Y esto no fue más que el comienzo; hoy la reflexión necrológica sobre la teoría es uno de los temas obligados en casi todas las conferencias y revistas de prestigio del ámbito académico norteamericano.[1]
Pero no nos dejemos asustar por la pulsión de muerte de nuestros críticos-profetas. Los diversos fallecimientos que ellos han profetizado: el de Dios, de la historia, del sujeto, del hombre, del autor; más bien designan la pérdida del fervor y de la lealtad hacia ciertas palabras (no olvidemos que, según el lema de esta introducción, esas eran las dos características que definían a los clásicos). La lista de las palabras sagradas que engalanan las tesis doctorales de los últimos años —sujetos diaspóricos, subalternidad, agencia, la política del cuerpo, genealogías de todos y de todo— podrían formar parte, muy pronto, de un hipotético diccionario de arcaísmos académicos: lo que muere son las palabras.

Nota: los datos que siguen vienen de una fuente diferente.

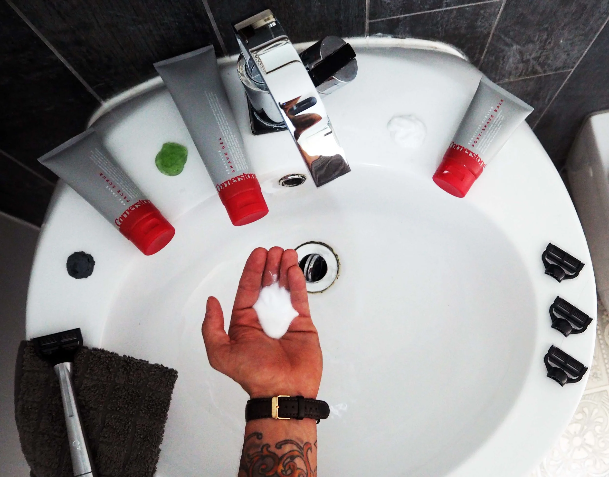 I have very thick, curly, course stubble (give or take a couple of bald patches!) and often get ingrown hairs, so when I shave it is crucial to always start with the Cornerstone pre-shave face scrub which is a thick cream with cedarwood & volcanic sand to help prevent nicks, cuts and shaving bumps. The grains, when massaged into your beard/stubble helps release ingrowing hairs, unblock pores and lifts away dead skin cells.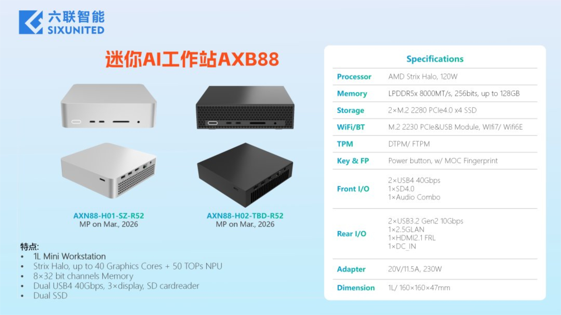 Şirket aynı zamanda aynı mimariyle desteklenen iki mini PC'yi de tanıttı. Bunlar 2-litre özellikli iken ve 4 litrelik kasalarsixunited, Mini AI Workstation AXB88 ile daha da küçüldüğünü iddia ediyor. Aşağıdaki grafikte gösterildiği gibi, AXB88 gösterilen iki kaplamadan bağımsız olarak 160 x 160 x 47 mm boyutlarındadır ve bu da rakip Strix Halo mini PC'lerden çok daha küçüktür GMKtec EVO-X2 (Amazon'da şu anda 1.699 dolar).
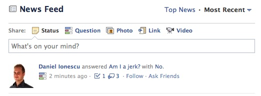 Denne skribent har endnu ikke set Spørgsmål-featuren dukke op under sit nyheds-feed, men det skulle se ud som på billedet til højre.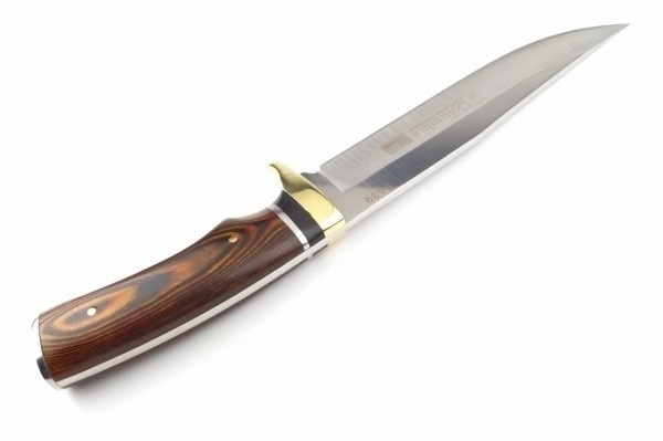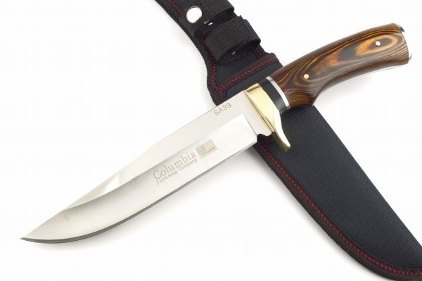 ★Columbia Saber★コロンビアナイフ 切れ味鋭いブレードと掌に馴染む握り心地で高い質感と造形美を放つハンターナイフです。 ハンドルは天然ウッド材でブレードを挟み込んだ堅牢なフルタング構造。折れやグラつきに強い設計です。 アウトドアにお奨めの優れた実用性。山歩きやキャンプ・DIYなどフィールドワークで大活躍の一本です。 洗練のデザインと握り心地の良さはコレクションにもお薦めの逸品です。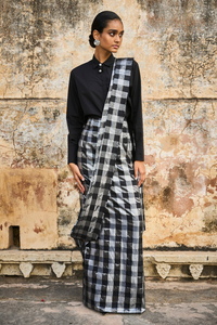 Metallic Check Sari Skirt

Esta forma de lectura nos enseñó a desconfiar de todos los textos. Toda historia, por radical que fuera, escondía siempre un momento de afirmación del statu quo, del orden y el poder simbólico que el crítico tenía que desenmascarar. La literatura, incluso la más blasfema y arrabalera, siempre terminaba en buenos términos con el Estado. Hacía falta siempre la desacralizadora mirada del crítico-teórico para develar las falacias que toda literatura oculta.
Esta forma de lectura colocaba inevitablemente al crítico en la más radical de las posiciones. Nuestros críticos-profesores universitarios eran, según sus preferencias ideológicas, más libertinos que el Marqués de Sade, más blasfemos que Rimbaud, más iconoclastas que Nietzsche, más revolucionarios que Javier Heraud o Roque Dalton. Este tipo de lectura convertía al crítico-profesor universitario en el nuevo héroe cultural.

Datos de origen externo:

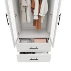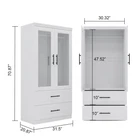 This freestanding wardrobe is a perfect addition to any bedroom. Its contemporary/modern style and medium wood tone make it a stylish and functional piece of furniture. The wardrobe features two hinged doors and two drawers, providing ample storage space for your clothes and other items. The hanging rail and mirror shape add to its functionality, making it an ideal choice for adults who want to keep their bedroom organized. The wardrobe is made of particle board and MDF/chipboard, and it comes with a 3-month manufacturer warranty. It is easy to assemble, and the required tools are a screwdriver and drill. The wardrobe is sold in a flat pack and weighs 123.2 inches, with a maximum weight per shelf of 50 lbs. It is suitable for any bedroom and is a must-have for anyone who wants to keep their clothes organized. Refined Design: Influenced by European elegance, our wardrobe blends intricate detailing with a modern edge. The rich finish accentuates the wood's grain, making it versatile for any décor style. Efficient Storage: In addition to its looks, this armoire offers an abundance of storage space. Its layout features multiple compartments for hanging clothes, folding items and accessories to keep the space organized and clutter-free. Sturdy and Durable: Built from durable materials, this wardrobe assures longevity. Its robust construction withstands daily use, while high-quality hinges and smooth-gliding mechanisms ensure seamless operation. Easy Assembly Process: Detailed step-by-step instructions and labeled components simplify the assembly process. All necessary hardware is included, allowing for easy installation and ensuring a smooth experience. Suggestions to install by 2 people.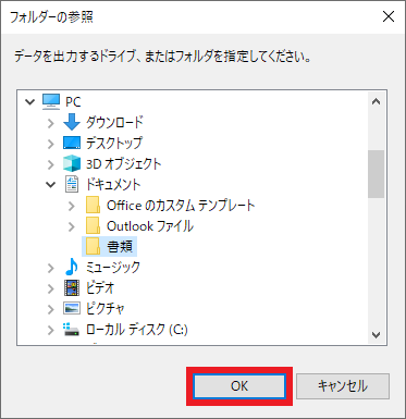 ④フォルダーの参照画面で、ファイルの保存先を指定して[OK]を選択します。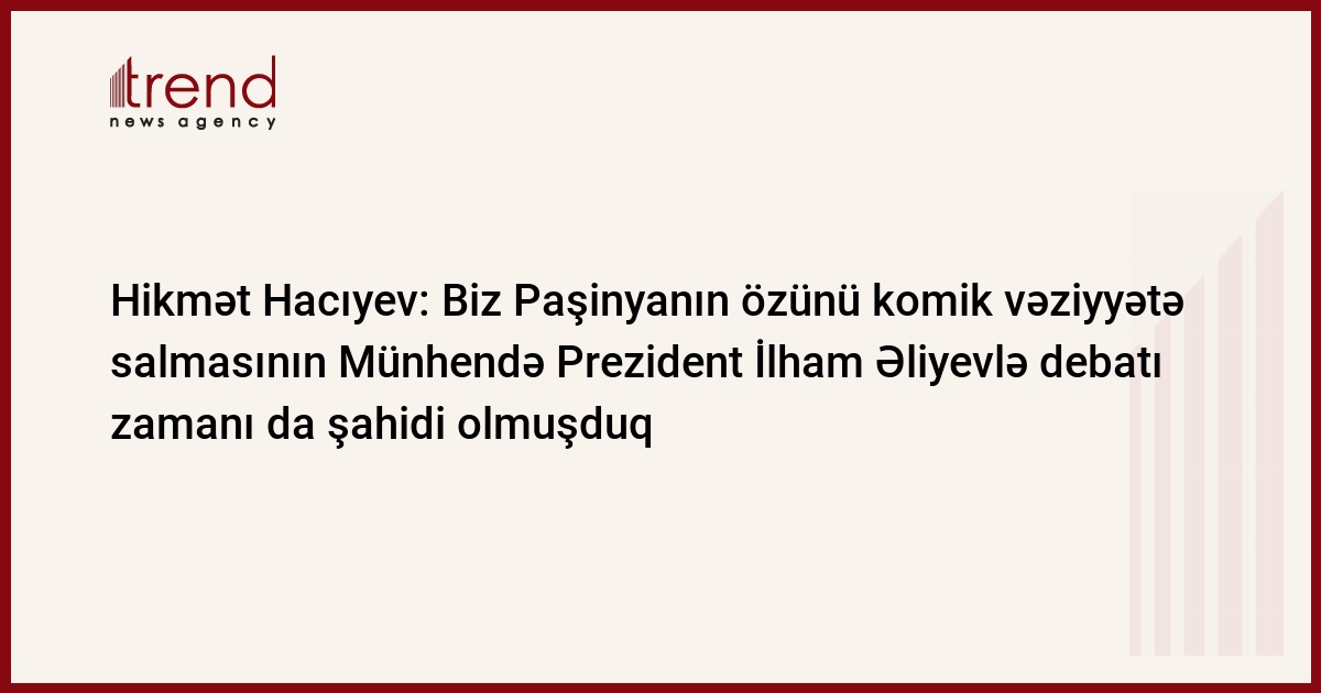 Bunu Trend-ə açıqlamasında Azərbaycan Prezidentinin köməkçisi - Prezident Administrasiyasının Xarici siyasət məsələləri şöbəsinin müdiri Hikmət Hacıyev deyib.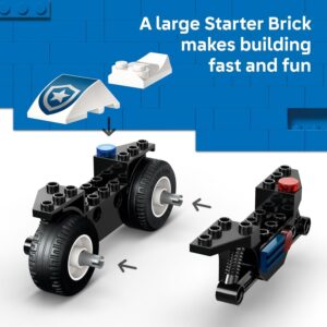 Young crime fighters 4 years old and up can help the police officer minifigure catch a sneaky crook minifigure with the LEGO City Police Motorcycle Chase (60455) building toy. Kids will love constructing the fast police motorcycle (with wide tires built for pursuit) as well as the crook’s quick getaway skateboard, then imagining high-speed escapes through the city streets. The detailed mini-ATM opens to reveal a toy money inside, setting the stage for thrilling crime-stopping missions. Little builders can create endless chase scenarios as the police officer races to stop the skateboarding crook before he escapes with the stolen cash. This easy-build police playset includes a helpful Starter Brick element and simple pictorial instructions perfect for developing builders. The set features a police officer minifigure ready for action and a mischievous crook minifigure, plus exciting accessories like handcuffs, a flashlight, a crowbar, and a wanted poster to enhance the storytelling adventure. Perfect for everyday heroes who love pretend play and building toys, this action-packed set helps develop confidence and creative thinking skills. LEGO City sets (each set sold separately) can be connected for even bigger community adventures. The LEGO Builder app enhances the experience with helpful 3D viewing tools. Contains 65 pieces.

Ya sea el caso que se trate de la muerte de otro ídolo de la tribu o que estemos ante un cambio de paradigma, que es lo que sospecho, se impone la tarea de imaginar nuevas formas de poner en diálogo la literatura y el pensamiento. En mi caso, eso supone devolverle la confianza a los textos que estudio, apostar por las posibilidades que su vocabulario le abre a la reflexión y tratar de darle respuesta-salida a las diferentes aporías en las que nos dejó el paradigma anterior, y cuya crisis es la que muchos de sus propios practicantes han definido, de modo grandilocuente, como la muerte de la teoría.

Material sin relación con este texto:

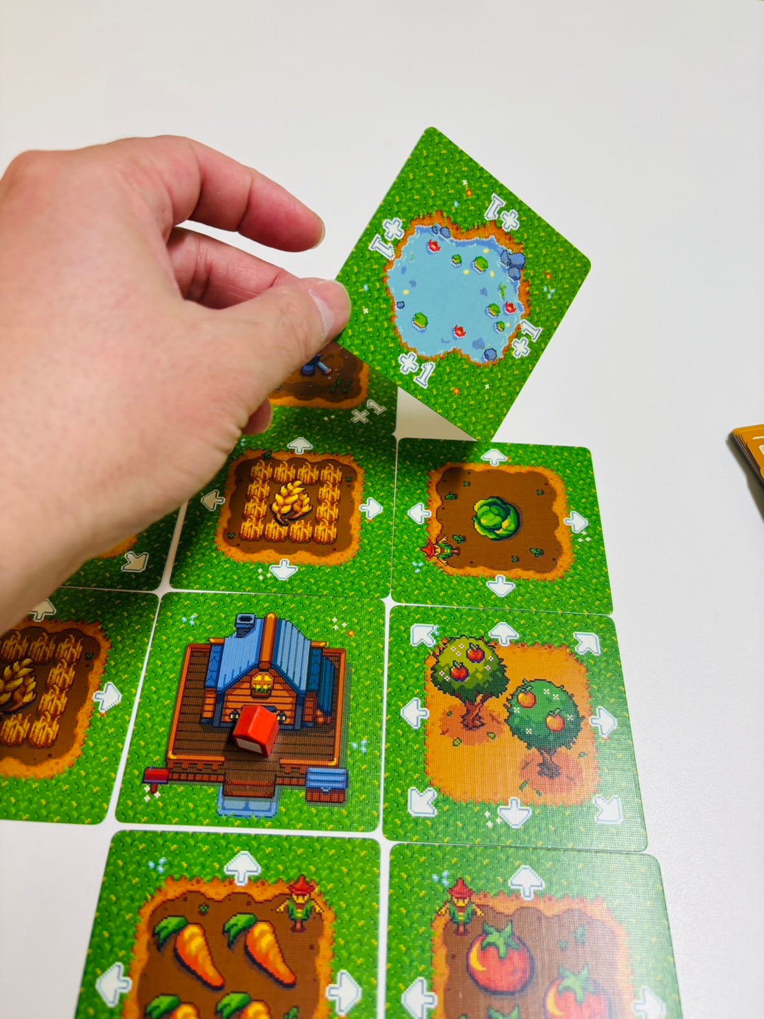自分のターンでは、表示中のカードを谷(ヴァレー)に置くか、自分のファームハウスを建てます。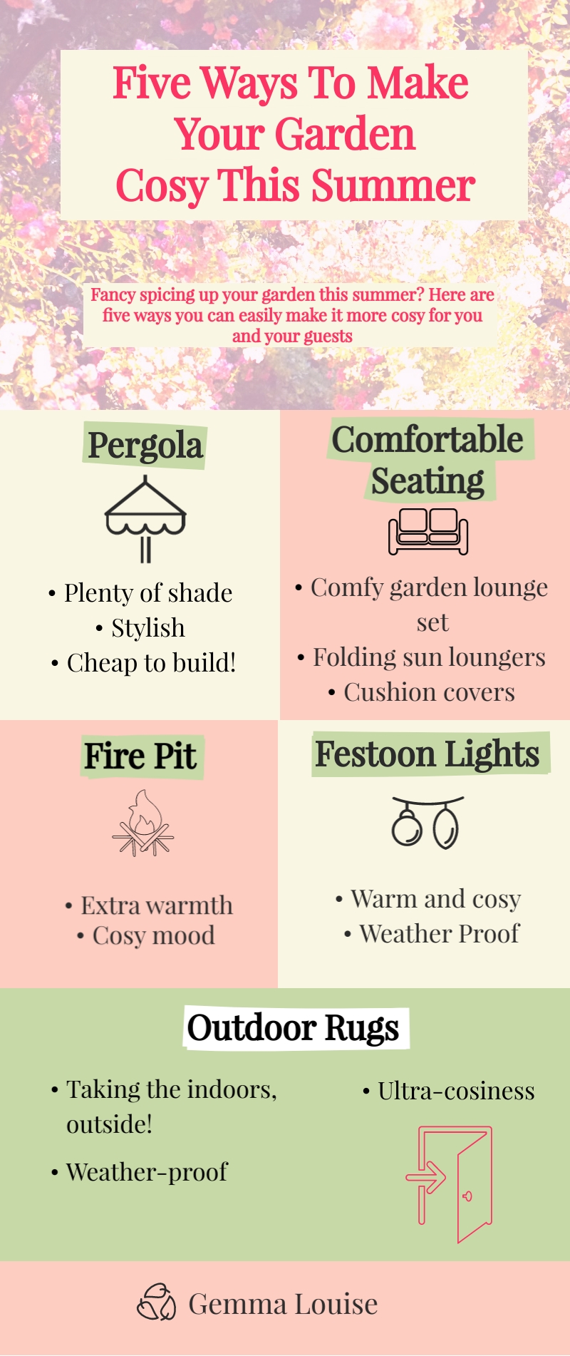 Thereβs nothing better in the summer months than sitting in your own back garden cosy with a bottle of cider or a glass of wine, enjoying the lighter evenings and the warm sunshine. As we spend more time outdoors in the evenings over the next few months, itβs nice to make our gardens a cosy space thatβs comfortable to sit out in with lots of pretty lighting, not only is it much more enjoyable for ourselves, but it creates a lovely ambience for any guests we invite over too! Here Iβm sharing five ways in which you can update your garden and make it into a snug, warm space.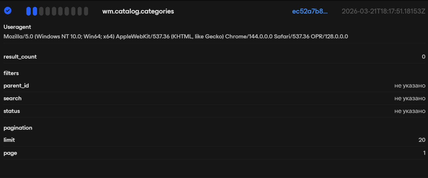 Идентификатор в левом верхнем углу лога — статус операции. Обращаем внимание, что логируются даже неуспешные действия. В случае ошибки в процессе выполнения операции вы увидите соответствующий идентификатор красного цвета.
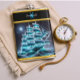 Um navio pirata espantoso com velas ondulantes deslizam sem esforço sobre ondas luminosas sob uma lua brilhante de cheio. As águas brilham com matizes azuis encantadores, criando uma atmosfera mágica que destaca a grandeza do navio e a tranquilidade ao redor.

Este modelo normativo había pretendido renunciar a la construcción de un ideal[2] —la filosofía de la sospecha se cree obligada a hacerlo— que es uno de los ejes del ejercicio filosófico. También se había dinamitado el pasado y eso tuvo una consecuencia drástica: convirtió al presente en la única tabla de valores reconocida. Por último, no se había sido capaz de ver la ambivalencia inherente al pensar, la cual, por un lado, es irreductible a cualquier norma que no sea la que él mismo se crea, lo cual lo convierte en un privilegio según el sentido etimológico de esta palabra, y, por otro lado, el propio pensar se convierte en un problema para las sociedades democráticas al negarse a ser reducido a conjetura o creencia, doxa, y a servir al intercambio democrático de opiniones.
En el primero de los textos reunidos en la sección titulada “Vidas filosóficas” me ocupo del gesto que definió la obra de Platón y dio origen a la filosofía en Occidente: inventar conceptos para poder contar un nuevo tipo de biografía, la vida del filósofo, la vida de Sócrates. Una forma de vida que se distinguía radicalmente de las otras que se conocían en la época: la del héroe, el político, el sabio, el artesano, el poeta, etc., y que se atrevía a cuestionar la idea de excelencia que proponían los otros modelos de vida existentes.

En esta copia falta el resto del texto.